Wir werden jetzt in zwei Wochen einen ganzen Tag zusammen verbringen. Als ich Ihr das vorgeschlagen hatte, hat sie nur kurz gezögert und dann zugestimmt.
Die Frage ist nun, was ich nun machen kann. Ich liebe meine Kinder, und hatte bei beiden 1 Jahr Elternzeit. Ich geniesse es, Zeit mit Ihnen zu verbringen und mit Ihnen zu leben. Ich bin aber auch der Hauptverdiener unserer Familie und muss nun bald wieder voll arbeiten. Meine Frau hat eine Firma gegründet, für die sie 30-40 Stunden die Woche arbeitet. Leider wirft das aber (noch) nicht genug Geld ab, sodass das für sie bei einer Trennung zu einem echten Problem würde. Ich will aber auch noch gar nicht darüber nachdenken, wie wir unsere Leben organisieren könnten/müssten, wenn wir getrennt wären. Eigentlich geht es mir jetzt erst einmal darum, wie ich herausfinden kann, was ich für mich eigentlich will.
Ist schon fies. Mit meinem Leben bin ich total unglücklich und am Horizont zeichnet sich eventuell ein großes neues Glück ab.
Ich will aber eigentlich auch unsere Kinder nicht zu Scheidungskindern machen. Das haben sowohl meine Frau als auch ich hinter uns.
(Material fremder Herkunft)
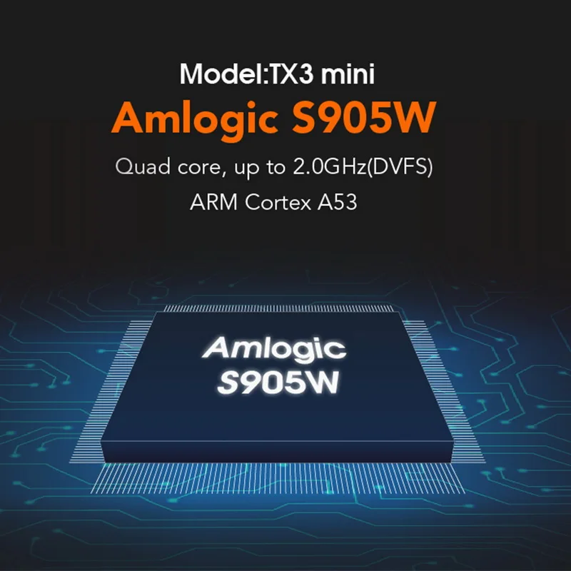 Процессор: Amlogic S905W до 2,0 ГГц, четырехъядерный ARM Cortex-A53

Wie ihr merkt ist das alles noch was wirr und ich freue mich auf eure Ratschläge und Fragen. Ich bin einfach nicht sonderlich geübt darin, mir über meine Gefühle Gedanken zu machen und zu ergründen, wo diese her kommen. Der einzige Mensch, dem ich mich recht gut anvertrauen kann, ist meine Frau - das ist bei diesem Thema aber leider ja nicht möglich. Damit meine ich nicht, dass ich nicht mit ihr reden will, aber ich muss ja selber erst noch richtig verstehen, was eigentlich los ist.